Task details:
Exclude the images, then return every line below exactly as written.

Collected material:
——————————

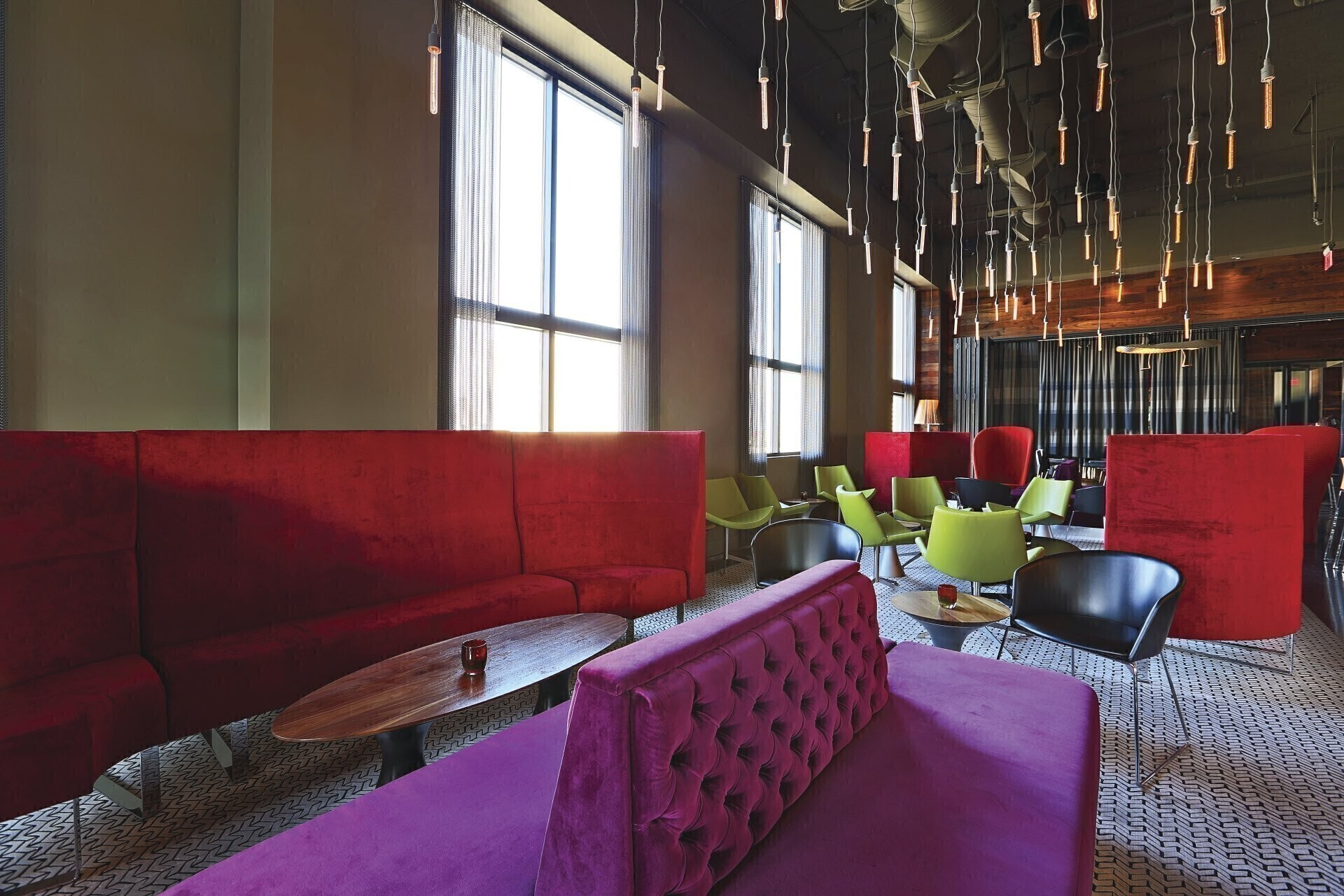 Atop the hotel, Louisville’s first open-air rooftop bar delivers a one-of-a-kind experience. 8Up Elevated Drinkery & Kitchen offers three distinct settings—a moody restaurant, a vibrant lounge, and a rooftop terrace—each designed to frame the city’s skyline and enhance the guest experience. Flexible spaces, including a glass-partitioned conference area, transition seamlessly between private gatherings and lively dining, ensuring every moment feels curated and connected.
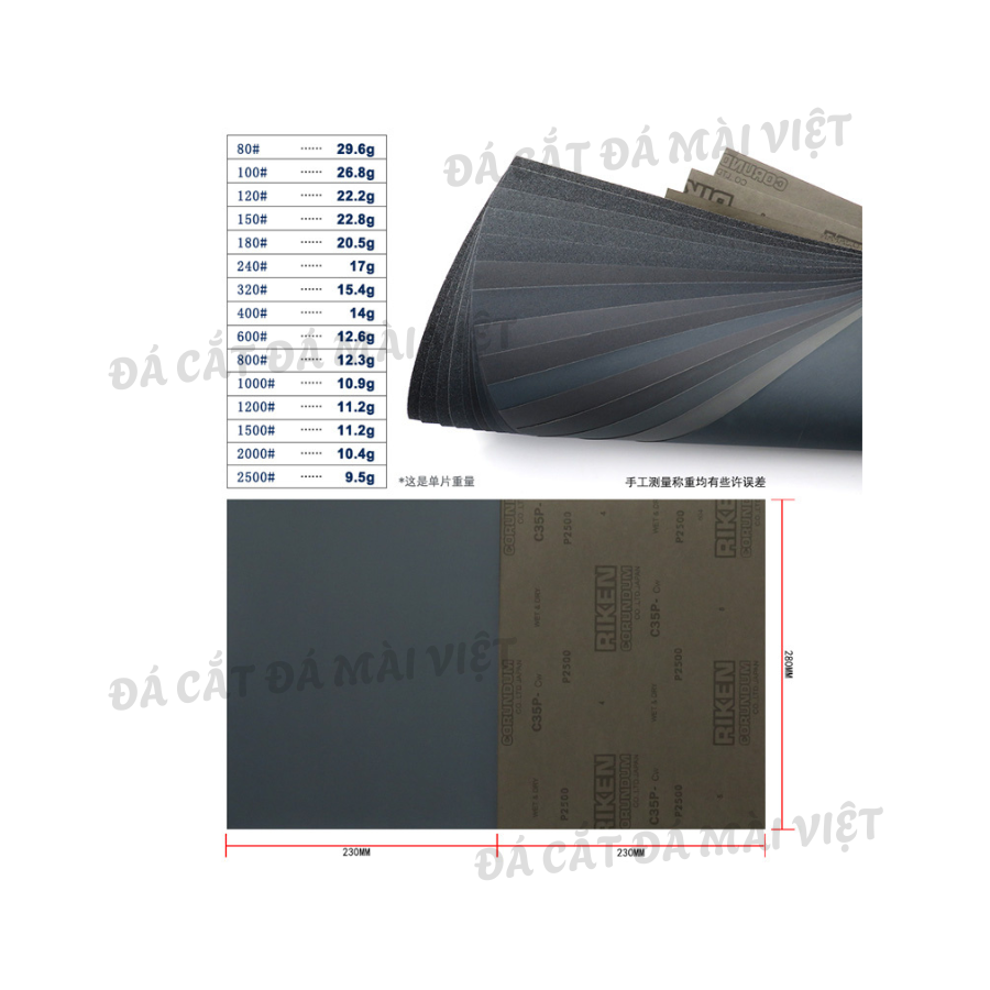 5 Tờ Giấy Nhám Nước RIKEN C35P Nhật Bản Đủ Số Từ P150 Đến P2500 Chính Hãng [THÔNG TIN SẢN PHẨM] Kích thước: 230x280mm, 9″x11″ Xuất xứ: Nhật Bản Độ nhám,độ mịn: + Combo 1:
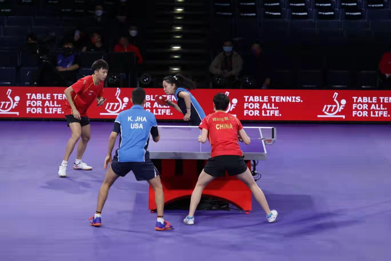 CGTN記者韓鵬錄製的中美乒乓球聯隊訓練視頻

——————————

Solution to the exercise:
 Atop the hotel, Louisville’s first open-air rooftop bar delivers a one-of-a-kind experience. 8Up Elevated Drinkery & Kitchen offers three distinct settings—a moody restaurant, a vibrant lounge, and a rooftop terrace—each designed to frame the city’s skyline and enhance the guest experience. Flexible spaces, including a glass-partitioned conference area, transition seamlessly between private gatherings and lively dining, ensuring every moment feels curated and connected.
 5 Tờ Giấy Nhám Nước RIKEN C35P Nhật Bản Đủ Số Từ P150 Đến P2500 Chính Hãng [THÔNG TIN SẢN PHẨM] Kích thước: 230x280mm, 9″x11″ Xuất xứ: Nhật Bản Độ nhám,độ mịn: + Combo 1:
 CGTN記者韓鵬錄製的中美乒乓球聯隊訓練視頻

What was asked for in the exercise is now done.